Start of COLLECTED MATERIAL

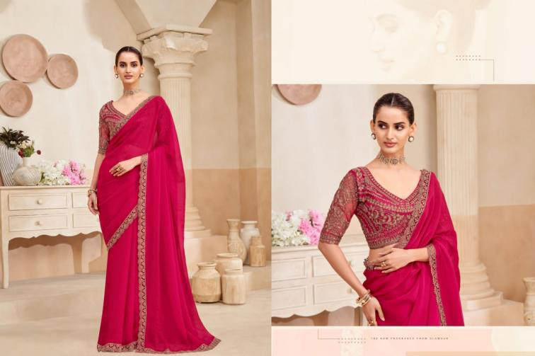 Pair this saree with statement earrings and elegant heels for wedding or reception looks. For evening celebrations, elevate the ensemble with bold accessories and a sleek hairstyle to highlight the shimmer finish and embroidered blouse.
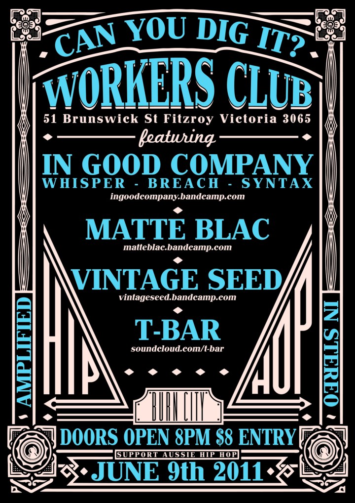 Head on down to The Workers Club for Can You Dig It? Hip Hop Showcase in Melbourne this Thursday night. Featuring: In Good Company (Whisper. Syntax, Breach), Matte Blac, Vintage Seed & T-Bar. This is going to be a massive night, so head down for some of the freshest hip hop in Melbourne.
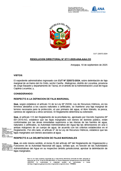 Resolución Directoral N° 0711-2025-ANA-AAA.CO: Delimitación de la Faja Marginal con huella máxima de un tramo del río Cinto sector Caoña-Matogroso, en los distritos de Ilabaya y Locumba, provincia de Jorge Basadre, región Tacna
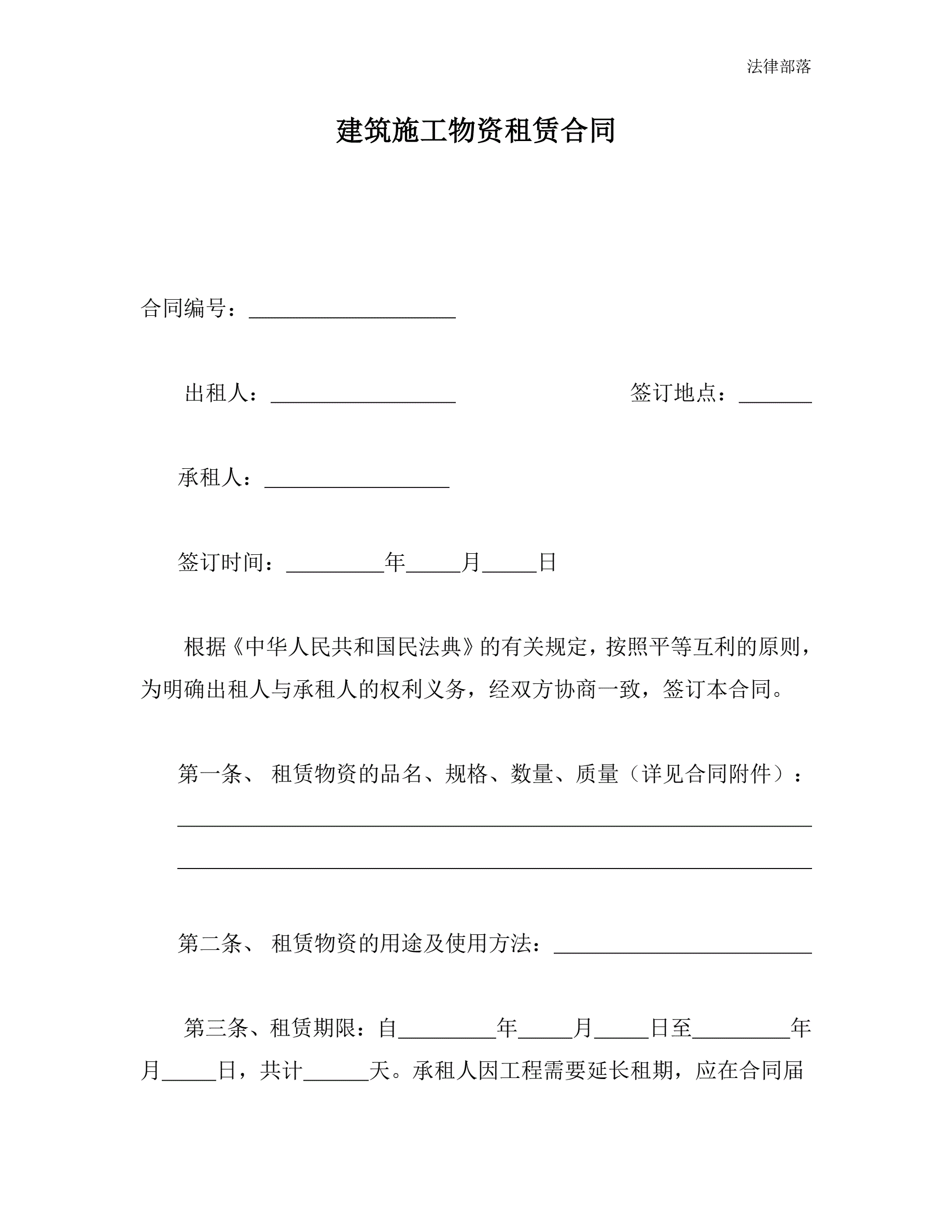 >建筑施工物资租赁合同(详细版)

End of COLLECTED MATERIAL

• [WORK INSTRUCTIONS]:
Beginning at the line that contains "Resolución Directoral N°" and ending at the last line of the data, return each line exactly; no picture belongs in the copy.

• [EXERCISE RESPONSE]:
 Resolución Directoral N° 0711-2025-ANA-AAA.CO: Delimitación de la Faja Marginal con huella máxima de un tramo del río Cinto sector Caoña-Matogroso, en los distritos de Ilabaya y Locumba, provincia de Jorge Basadre, región Tacna
 >建筑施工物资租赁合同(详细版)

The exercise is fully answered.